You should not set the `--user` or `--boot` flags here; instead, you should set the `user` and
`boot` action inputs.

- If `run` is not left empty, `shell` will be used to execute commands specified in the `run` input.
You can use built-in `shell` keywords, or you can define a custom set of shell options. The shell
command that is run internally executes a temporary file that contains the commands to run, like
[in GitHub Actions](https://docs.github.com/en/actions/using-workflows/workflow-syntax-for-github-actions#jobsjob_idstepsshell).
Please refer to the GitHub Actions semantics of the `shell` keyword of job steps for details
about the behavior of this action's `shell` input.

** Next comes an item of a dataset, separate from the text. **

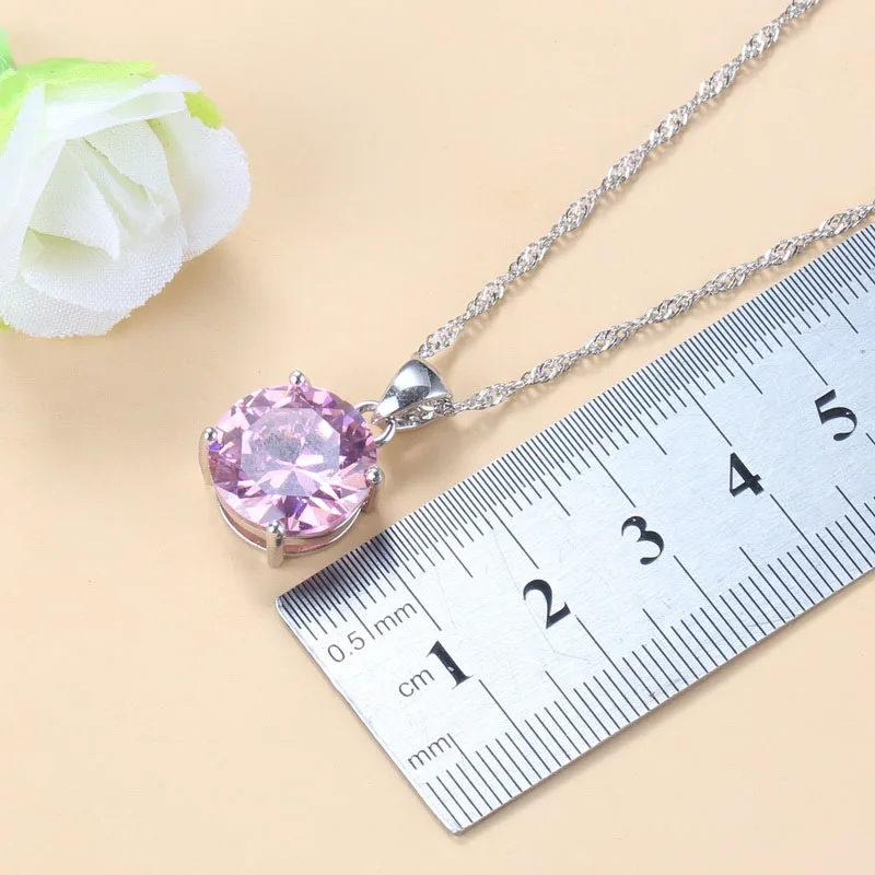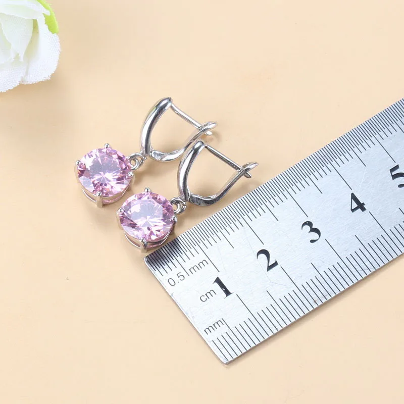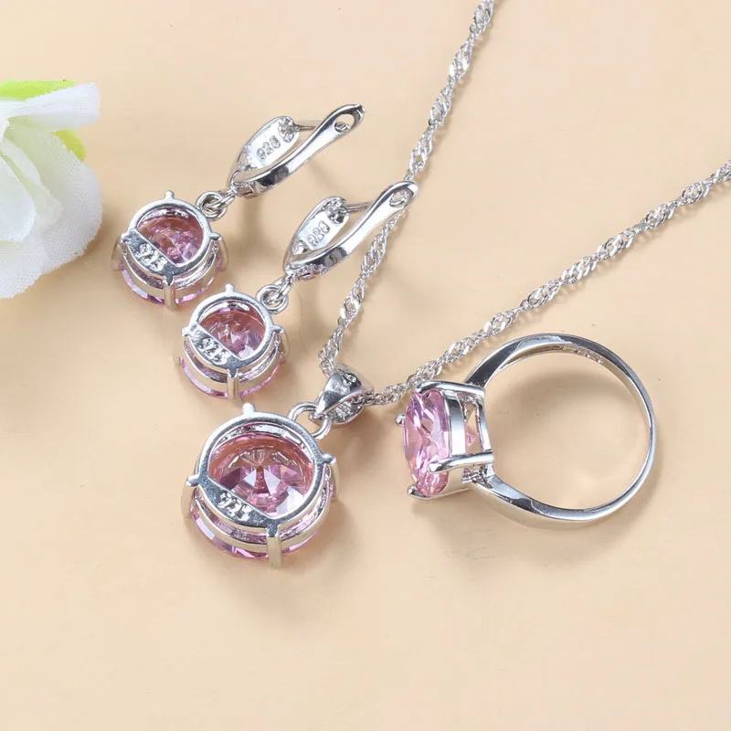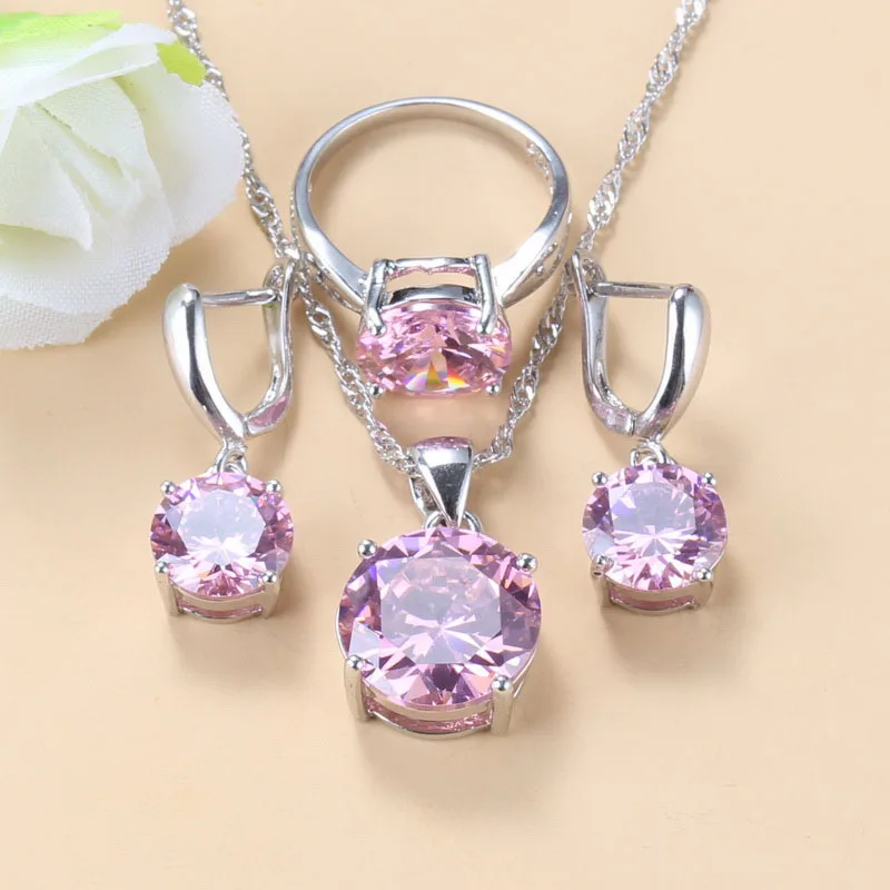 Комплект ювелирных украшений из серебра 925 пробы, Круглые, розовые, с фианитами

If you just want to run a single script, you can leave `run` empty and provide that script as the
`shell` input. However, you will need to set the appropriate permissions on the script file.

- If `boot` is enabled, this action will use `systemd-nspawn` to automatically search for an init
program in the image (typically systemd) and invoke it as PID 1, instead of a shell.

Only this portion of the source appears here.